Seguíamos viéndonos con excusas banales, nos divertíamos juntos y buscábamos el encuentro pero nunca llegábamos a tocarnos. Las mariposas corrían locas por nuestros estómagos el escaso tiempo que podíamos compartir. Nos mirábamos a los ojos, nos reíamos utilizando medias palabras; recurríamos a nuestra fina ironía y a la retórica para buscar el momento de consumar la pasión, el momento que deseábamos y temíamos, y al que nunca le poníamos fecha. Teníamos un pacto no verbal y sólo hablábamos de nosotros, intentábamos no tocar la parte compartida de nosotros mismos, nunca habíamos hablado claramente sobre este punto pero lo dábamos como sobreentendido. Él me hablaba de sus sueños, de sus proyectos, de cómo disfrutaba viendo crecer a su criatura pero nunca hablaba de su mujer. Yo le decía que me hubiese gustado nacer treinta años después y tener ahora toda la vida por delante, le hablaba de todo lo que me había perdido por ser ya tan mayor, por haber dedicado toda mi vida a mi familia (de lo cual no estoy arrepentida pero creo que debía de haberlo compaginado con una profesión). Hablaba de mis hijos, de mi soledad acompañada, pero tampoco hablaba de mi compañero. Sabíamos que les estábamos faltando en lealtad que no en fidelidad pues aún no nos decidíamos, no estábamos siendo leales con las promesas realizadas en su día, pero cada uno respetaba al compañero del otro por encima de todo, o eso era lo que creímos cuando buscábamos la excusa y el momento de vernos. Ahora, con la distancia de los hechos, comprendo que la fidelidad no es lo importante en la pareja sino esa lealtad que no supimos respetar. Hacíamos lo imposible por evitar conocer a nuestras parejas, por hablar de ellas o referirnos a ellas, nuestro mundo era sólo nuestro, ellos no existían en esos momentos llenos de magia. Llegábamos a falsear la realidad para descafeinarla, para hacer ver al otro que nuestra vida fuera de su compañía era algo anodino, rutinario, sin importancia, que era algo que había que cumplir por obligación, que vivíamos sólo para nuestros encuentros. Los dos nos estábamos engañando porque la realidad era muy distinta. En casa nos esperaban personas a las que amábamos y que nos amaban; una vida rica y plena de satisfacciones y, a veces, no tanto. Rutina en definitiva pero rutina tan necesaria.

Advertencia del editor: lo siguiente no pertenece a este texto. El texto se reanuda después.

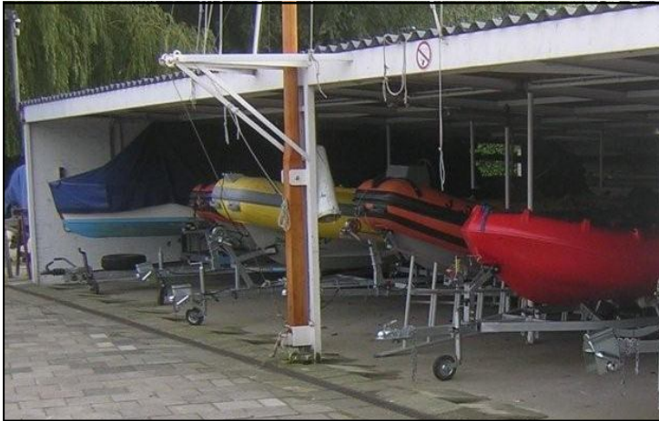
De gerestaureerde FD loods

Sinds ik mij heb verbonden aan de verantwoording voor het onderhoud van de gebouwen staat mijn naam ook vermeld onder het kopje bestuur. Ik hoop dat mijn inspanningen en werkzaamheden niet onopgemerkt zullen blijven, echter als bestuurslid zal ik onzichtbaar blijven, zeg maar een soort van lege stoel aan de bestuurstafel. Ik kreeg i.v.m. mijn vermeende bestuursvermelding wel een e-mail van de fam. Bos om copy in te leveren voor de Zelflozer. Het was ook een soort van SOS over het voortbestaan van het clubblad, het is vaak heel gênant te zien hoe mensen teleurgesteld worden in hun vrijwilligers activiteiten, zodat ik in ieder geval ga proberen in samenwerking met onze charman- te havenmeester een bijdrage te leveren aan het clubblad. Wat ons betreft is er genoeg te melden.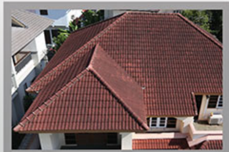
ก่อนเข้ารับบริการ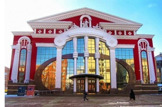
ГОСУДАРСТВЕННЫЙ МУЗЫКАЛЬНЫЙ ТЕАТР ИМ. И. М. ЯУШЕВА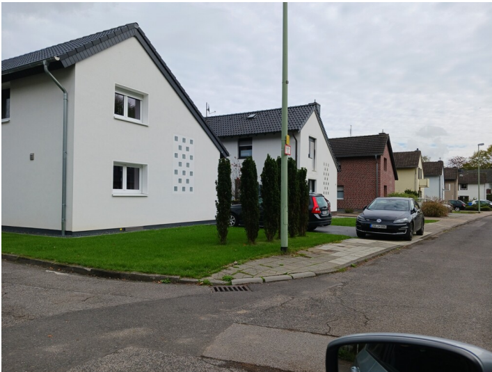
Inden-Lucherberg, Siedlung An der Kippe, Haustyp 3, Talstraße, Blick von Westen, 5.11.2022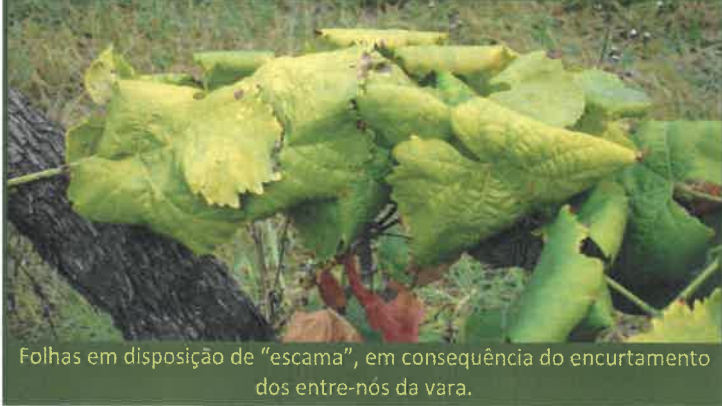
Folhas em disposição de "escama", em consequência do encurtamento dos entre-nós da vara.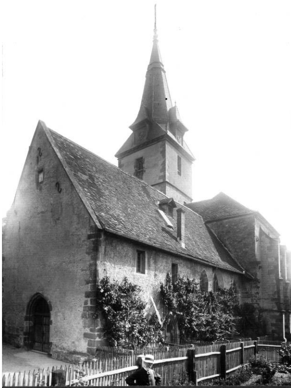
Kornwestheim, St. Martin. Ansicht von Südwesten, um 1910.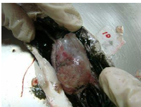
شکل ۲: بادکردگی کیسه شنا در ماهیان بیمار

مهم ترین یافته اتساع شدید کیسه شنا بود (شکل ۲). هیچگونه مایعی در داخل محوطه بطنی مشاهده نگردید. کیسه صفرا در این ماهیان کاملاً پر بود که عدم تغذیه طولانی مدت را نشان می داد. نتایج حاصل از بیومتری و تعیین سن ماهیان در جدول ۱ آمده است.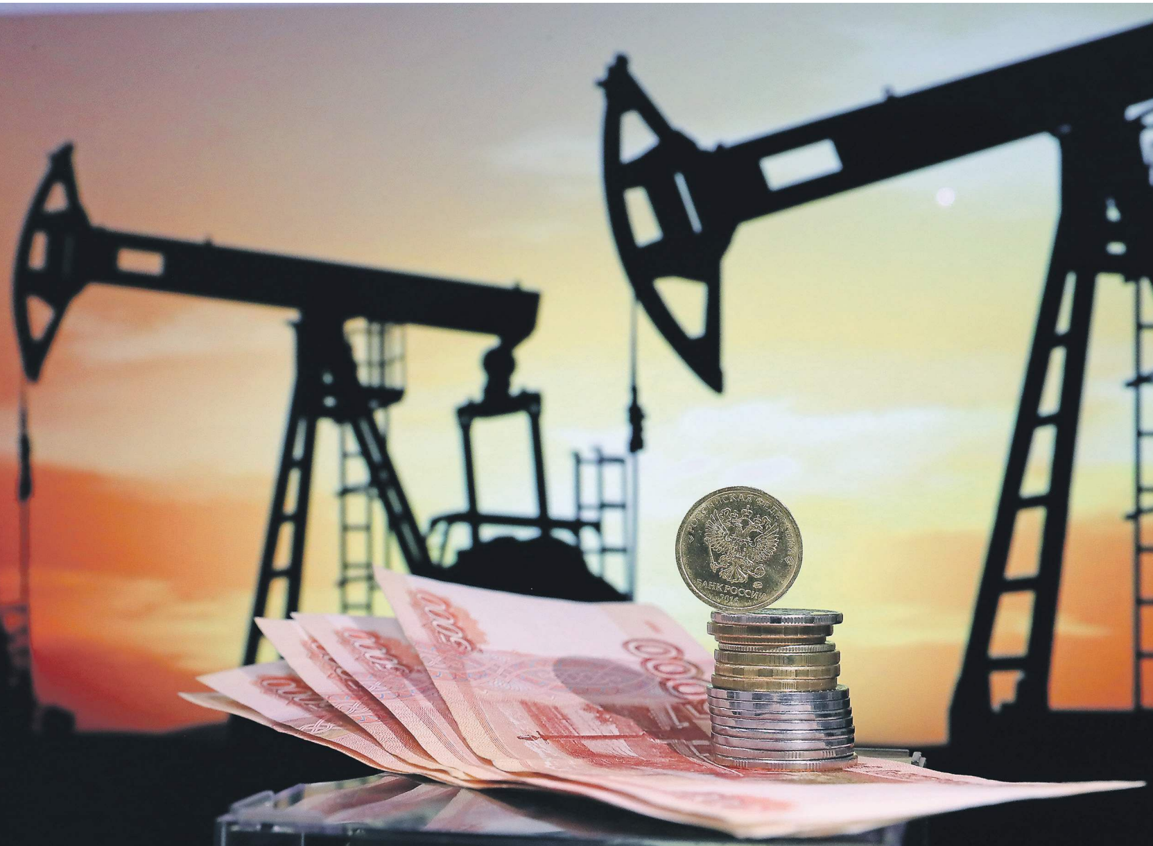
Восстановление цен на нефть создает двойное преимущество для страны, так как она источник и доходов, и иностранной валюты

По его словам, Россия может достаточно успешно управлять

No podíamos seguir así, la pasión que todo lo descoloca nos llevaba a desear ese encuentro carnal que tanto necesitábamos. Mis dudas eran lógicas, no sólo por la desazón que me producía la traición al cuerpo que me había amado toda la vida, sino también por mi propio cuerpo. Ya no era la mujer hermosa que había sido. Las terribles arrugas en mis ojos y alrededor de mi boca; la piel del resto de mi cuerpo ahora era más blanda, con menos tono. Me daba miedo y vergüenza hacer el amor con él a la vez que lo deseaba, aunque el deseo me había vuelto más hermosa a mis propios ojos y también a los de mi esposo. Comenzó a buscarme de nuevo y la angustia de estar mintiendo me asaltaba tras cada encuentro porque mi pensamiento volaba al cuerpo joven del aún no amante. Esa fantasía de ser invadida por el hombre joven y fuerte. El olor sano de su sudor, el sabor fresco de su boca. Soñar con sus embestidas llenas de pasión hacían a mi cuerpo volver a vivir y, a la vez, hundirse en la angustia del remordimiento. Tampoco imaginaba a mi hijo pequeño haciendo el amor con una mujer de mi edad, me sentía ridícula, enferma de dudas. Él tampoco, aunque lo deseaba igual que yo, lo tenía muy claro, me di cuenta de ello hacía pocos días cuando nos habíamos besado por segunda vez en muchos meses. Tuve que pedírselo:

- Bésame, por favor.

Hace apenas tres días y sin previo aviso por su parte, que recibí una carta de él, nada me hacía prever ese desconcierto y ese deseo de terminar la corta relación que teníamos. Una carta tierna y a la vez durísima donde expone porqué me pide que olvidemos esto. Me dice que sus principios morales se tambalean y que no puede vivir con esta angustia. Que comienza a necesitarme en su vida no ya como su compañera de charlas sino como su compañera de cama. Que no está bien lo que estamos haciendo con nosotros mismos y con las personas que elegimos para compartir toda nuestra vida. Que se muere de remordimientos cuando mira a su compañera a la cara sabiéndola ajena a ésta otra pasión que le está matando. Que si ella se entera de que su cuerpo joven y hermoso ya no es suficiente para él le abandonará. Que le perdone, que no es un desprecio hacia mí sino respeto por mí el intentar olvidarme. Trata de explicarme torpemente en su carta todo lo que ha sentido en estos meses a mi lado. Que lo que siente se acerca mucho más al amor de lo que él nunca había imaginado. Que está llorando su dolor al escribirme esta carta y que le va a costar la locura olvidarme. Pero tiene que olvidarme.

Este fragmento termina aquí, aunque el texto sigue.